The entire case centres over the use of the Horizon accounting system, which has been in place since 1999 and records transactions across Post Office branches.
Alleged mistakes with Horizon caused sub-postmasters to be wrongly accused of fraud, and many were told to pay back supposedly missing funds or face prosecution.
The problem became a political issue in 2009, when reports surfaced of sub-postmasters who had received heavy fines or jail terms for alleged false accounting, which they said resulted from problems with Horizon.
Thousands of sub-postmasters independently operate smaller post offices, and are obliged to make up shortfalls out of their own pockets.
In 2011, 85 sub-postmasters sought legal support in claims against the Post Office after being wrongly accused of taking money.
In later years this figure rose to 550 sub-postmasters suing the Post Office.
What made matters worse, was that the Post Office always argued that there is no evidence of systemic problems with Horizon, but set up the mediation scheme in 2013 after independent investigators found defects in the software.
In 2014 more than 140 MPs said they could no longer support the Post Office’s mediation scheme after numerous complaints about Horizon.
A total of 960 convictions linked to the scandal were reviewed, in what was dubbed the biggest miscarriage of justice in UK history.
Then in December 2019 the Post Office agreed to pay almost £58 million as part of a settlement after legal action by sub-postmasters after they were wrongly accused of taking money.
But most of that money went on legal costs.
And then it surfaced in June 2020, that bosses at the Post Office has been told as far back as 2011 that Horizon could be to blame for missing money, but it still pursued prosecutions against staff anyway, with hundreds of postmasters sacked, going bankrupt or wrongfully convicted.
And now this week convictions against 39 sub postmasters have been overturned.
The appellants, some of whom were jailed for crimes they never committed, had been accused of theft and false accounting.
In court, Sam Stein QC, the barrister representing several sub-postmasters, said the scandal had turned the Post Office “into the nation’s most untrustworthy brand”.
The barrister who led that civil claim called today’s judgement an “incredible victory” that could pave the way for more substantial compensation, Sky News reported.
“This is something we should all be ashamed of – that it ever happened, but money will never compensate these people for what’s happened to them,” said Patrick Green QC.
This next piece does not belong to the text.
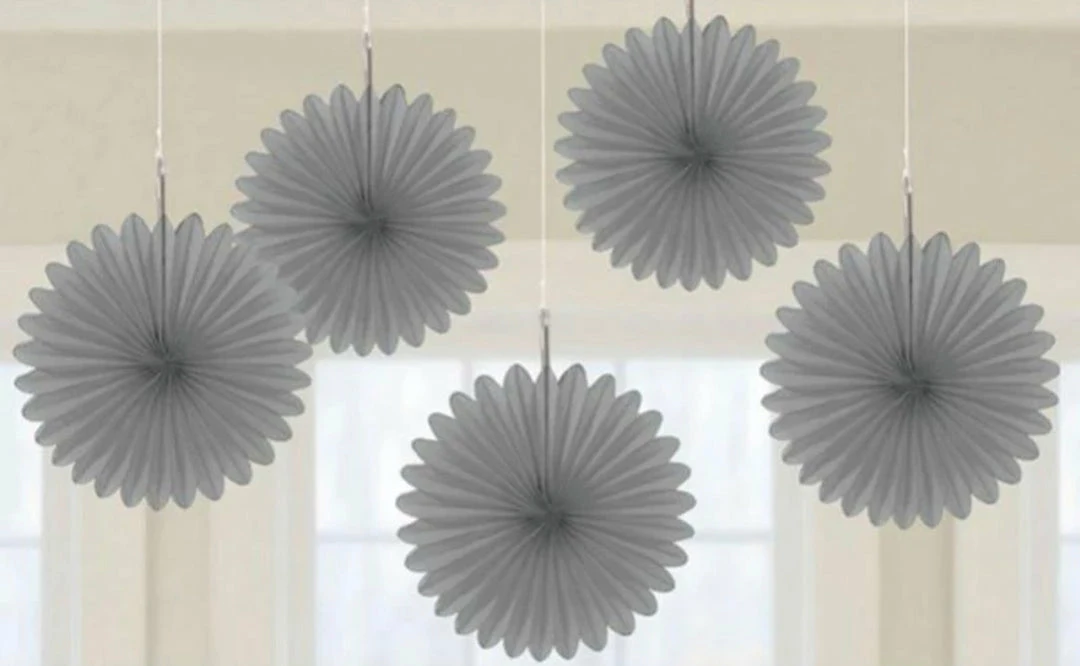 Leave an Impression our Silver Mini Paper Fan decorations to create a dazzling display for any party or event. Each pack includes 5 Mini Fans measuring 6in wide and includes string for hanging and are simple to assemble. Arrange fans of a single colour or mix and match from our available range with the options of light and dark shades.

The sub-postmasters appealed their convictions on two grounds: that they had been denied a fair trial, and that the circumstances in which the prosecutions went ahead “represents an affront to public conscience”.
The court granted the appeal of 39 out of 42 postmasters on both grounds, despite the Post Office fighting 35 of the cases on the second point.
The decision means the postmasters could bring new civil cases for malicious prosecution, which could mean the Post Office paying out significantly more in compensation.
Announcing the court’s ruling, Lord Justice Holroyde was quoted as saying that the Post Office “knew there were serious issues about the reliability of Horizon” and had a “clear duty to investigate” the system’s defects.
But the Post Office “consistently asserted that Horizon was robust and reliable”, and “effectively steamrolled over any sub-postmaster who sought to challenge its accuracy”, the judge added.
Lord Justice Holroyde, sitting with Mr Justice Picken and Mrs Justice Farbey, said: “Post Office Limited’s failures of investigation and disclosure were so egregious as to make the prosecution of any of the ‘Horizon cases’ an affront to the conscience of the court.”
And the Prime Minister also waded into the “appalling injustice” of the case.
“I welcome the Court of Appeal’s decision to overturn the convictions of 39 former sub-postmasters in the Horizon dispute, an appalling injustice which has had a devastating impact on these families for years,” he tweeted.
“Lessons should and will be learnt to ensure this never happens again,” he added.